В тот день я позже обычного вышел из офиса. Задержался с отчётом, срочно понадобившимся моему боссу к утру понедельника. У меня была запланирована встреча с другом, который оказался в городе проездом, однако её пришлось отменить, что крайне меня разозлило. Выбежав из офиса, я как ошпаренный понёсся на вокзал в надежде, что смогу хотя бы через открытое окно вагона пожать его руку. Однако я застал только хвост состава, который, гремя и виляя, тонул в этом странном молочном мареве. От досады я пнул камень и посадил царапину на носок новой теннисной туфли.

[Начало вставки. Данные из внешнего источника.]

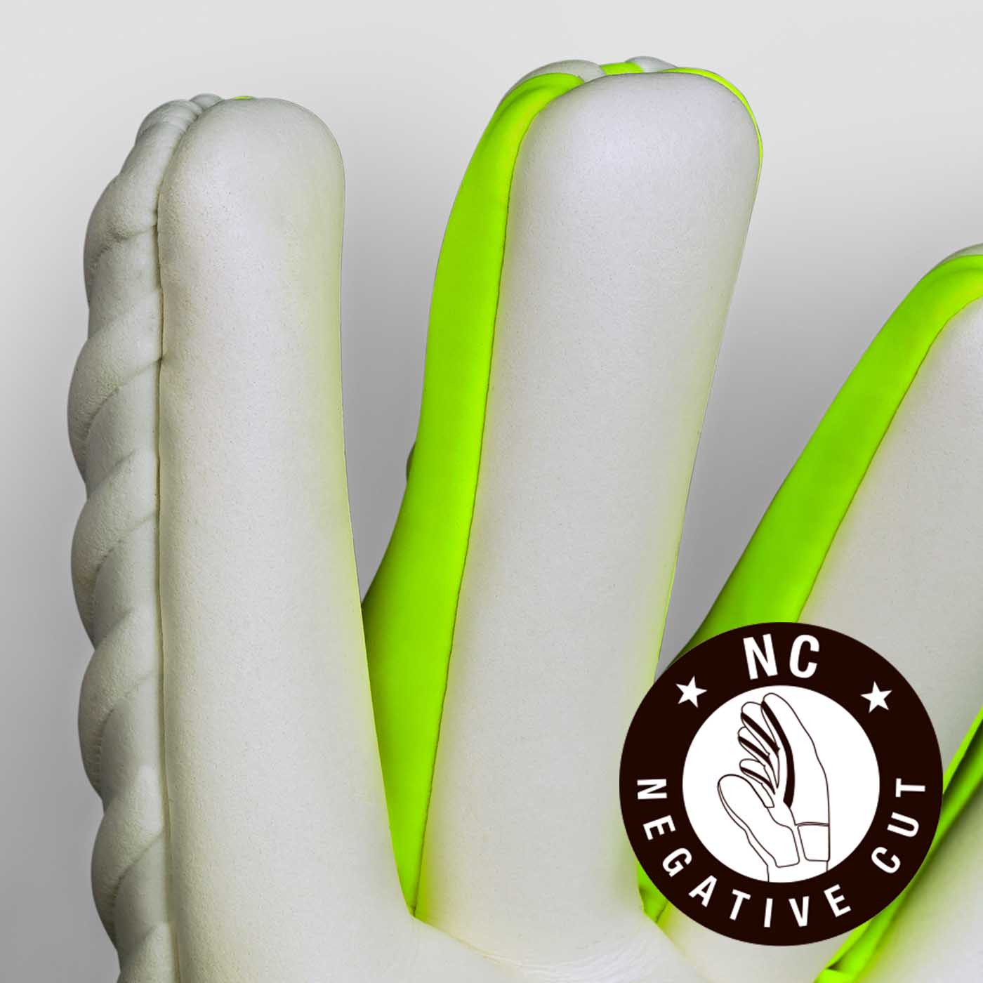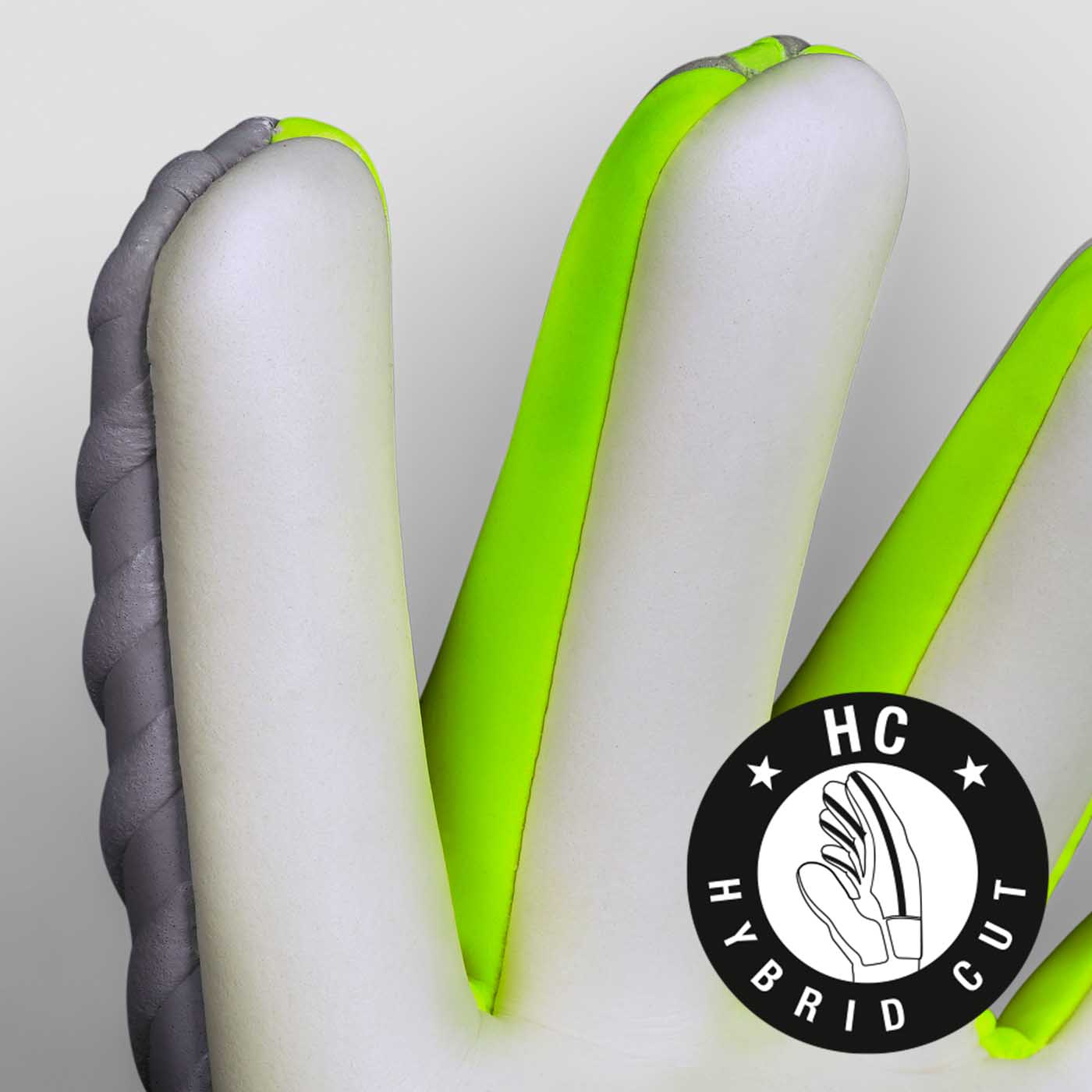 Hybrid cut er kendetegnet ved et asymmetrisk setup, hvor vi har fjernet sidekilerne ved pegefingeren og lillefingeren for at give endnu bedre boldkontrol og sensorisk feedback.

С вокзала уходить не хотелось. У меня вообще странные взаимоотношения с вокзалами. Я очень люблю запах железной дороги. Он возвращает меня в детство, когда моя тётушка, молодая и привлекательная, забирала меня в свой маленький городок почти на всё лето. Ехать надо было долго, дня полтора. За это время вагон становился домом. Однажды, мне было лет двенадцать, я познакомился с девочкой. Она оказалась соседкой по купе. Вместе со своей бабушкой, полной, разговорчивой и громко смеющейся дамой, она ехала на какой-то музыкальный конкурс. Бабушка напропалую хвалила её, заставляла показывать нам новенькую дорогущую скрипку, заказанную у какого-то дорогущего мастера, а та густо краснела и смущалась. Воспоминания об этой поездке до сих пор волнуют меня. Девочка с бабушкой сошли раньше нас, и я, как вдовец, остаток дороги просидел на её месте, прижавшись лбом к вагонному стеклу. Тётушка усердно успокаивала меня, однако я видел, как она улыбалась, прикрывая красивую улыбку красивой ладонью.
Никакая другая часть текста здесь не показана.